Sunita: The character arcs and the relationships are especially affected by the way time and distance work in these worlds. We know that John and Kyle/Kahlil are both attracted to and somehow bound to each other. And we know that there will be an HEA. But their storylines separate in the first installment, and the reader is never entirely sure how they will be brought back together. Each has to go on with his life in the absence of the other. And the way that passage between worlds can affect time means that when they do meet again, they may well be at different points in their lives.
Janine: Yes! The narrative moves both forward and back in time, and I love the way Ms. Hale gets at these characters from different points in their lives and in Basawar’s history, as well as different cultural perspectives. It allows her to explore and reveal both characters and setting from unexpected angles, and the twists in the plot come seemingly from nowhere, yet we then get to see how we got from point A to point B, knowing things the characters do not know.
Sunita: For a book that can be categorized as part of the gay romance genre, there is very little explicit sex. John and Kyle, and possibly other characters, are definitely gay, but the depictions of romantic relationships are as much emotional as physical for much of the book. It is not a typical romance in that the relationship does not comprise the dominant focus of the story. But it is integral to it, and the romantic relationships that develop are particularly poignant, in part because of the contexts in which they take place.
Janine: Absolutely. In the three installments I’ve finished so far, Kyle and John are apart for the vast majority of the time. But when they encounter each other again it’s both pivotal and exciting, and in the meantime, they each have other romantic connections that moved me deeply. As in Wicked Gentlemen, the world Ginn Hale has built does not look kindly on same-sex relationships, and some of the characters face other prejudices too. That made me root for the characters to find happiness.

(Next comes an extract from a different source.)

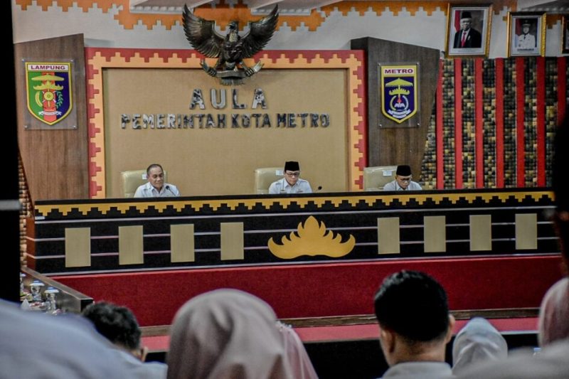 Pemerintah Kota Metro menggelar rapat bulanan yang diadakan di Aula Pemerintah Kota. Dimana Rapat yang dipimpin oleh Wali Kota dan Wakil Wali Kota Metro tersebut diikuti oleh seluruh Organisasi Perangkat Daerah (OPD) dan Instansi Vertikal, Kamis (04/07/2024).
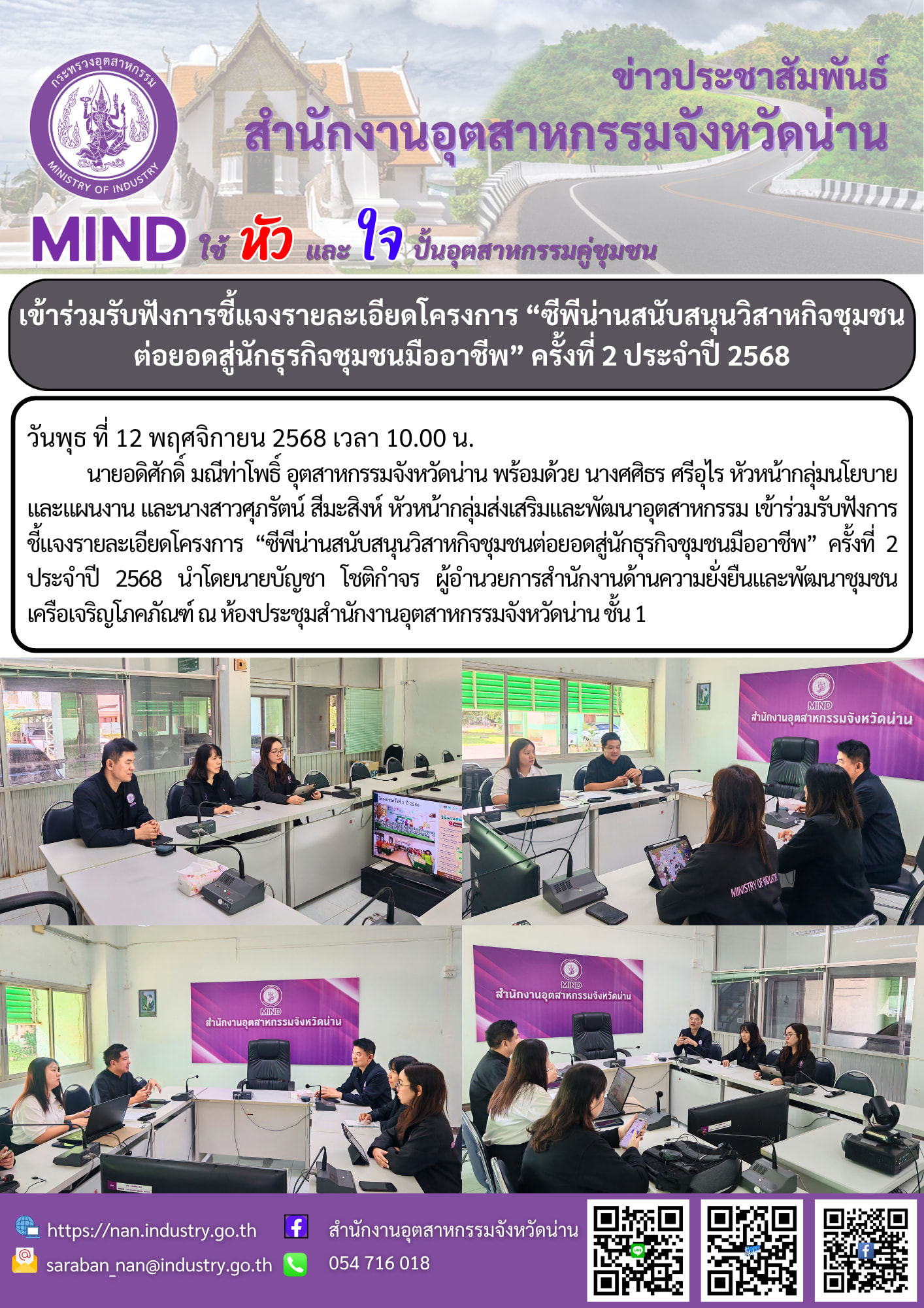 วันพุธ ที่ 12 พฤศจิกายน 2568 เวลา 10.00 น. นายอดิศักดิ์ มณีท่าโพธิ์ อุตสาหกรรมจังหวัดน่าน พร้อมด้วย นางศศิธร ศรีอุไร หัวหน้ากลุ่มนโยบายและแผนงาน และนางสาวศุภรัตน์ สีมะสิงห์ หัวหน้ากลุ่มส่งเสริมและพัฒนาอุตสาหกรรม เข้าร่วมรับฟังการชี้แจงรายละเอียดโครงการ “ซีพีน่านสนับสนุนวิสาหกิจชุมชนต่อยอดสู่นักธุรกิจชุมชนมืออาชีพ” ครั้งที่ 2 ประจำปี 2568 นำโดยนายบัญชา โชติกำจร ผู้อำนวยการสำนักงานด้านความยั่งยืนและพัฒนาชุมชน เครือเจริญโภคภัณฑ์ ณ ห้องประชุมสำนักงานอุตสาหกรรมจังหวัดน่าน ชั้น 1

Sunita: The Rifter is an unusually immersive experience for me as a reader, and I’m only halfway through the story. There is a lively and fun group of readers over at Goodreads who are discussing each installment as it is released. I was able to avoid spoilers by paying attention to comment dates, and it’s fascinating to see their views on what has happened and what might come next.
Janine: I’ll have to check out the Goodreads group. I agree that The Rifter is worth reading. One of my niggles is that it took me a while to get used to the Middle Eastern-influenced flavor of Basawar (since I once lived in the Middle East, it was distracting to me). I also think I would probably have enjoyed The Rifter even more had I read the installments as they were being released, a month apart, rather than three back to back. The story was almost too intense for me as it was. Nonetheless I agree with you that it’s impressively good. I know The Rifter will seem on the expensive side to some, but all ten installments, when added up, clock in at over a thousand pages, so it provides a lot of high quality entertainment.
What grade would you give the first half of The Rifter, Sunita? Taken together the three installments I’ve read are an A- for me.
Sunita: I agree, it’s an A- for me as well. I can’t wait to read the second half of the series.
This story is sold as a subscription. Here is the subscription page and a goodreads link for installment no. 1.
Not since Vanyel’s story in Mercedes Lackey’s Valdemar series has an M/M fantasy sounded so compelling. I am all but hooked just on the basis of this review. Definitely will check it out.
Oh, I would love to win this – I love Ginn’s writing.
Recently, my favorite M/M scifi romance was Knight Errant by KD Sarge.
I’ve been interested in this since I first heard about Ginn Hale doing a serial. I’ve been arguing with myself about starting it, or waiting until it’s all out to dive in.
This review’s definitely made me want to start now!
It’s not a true romance, but Ethan of Athos by Lois McMaster Bujold is terrific.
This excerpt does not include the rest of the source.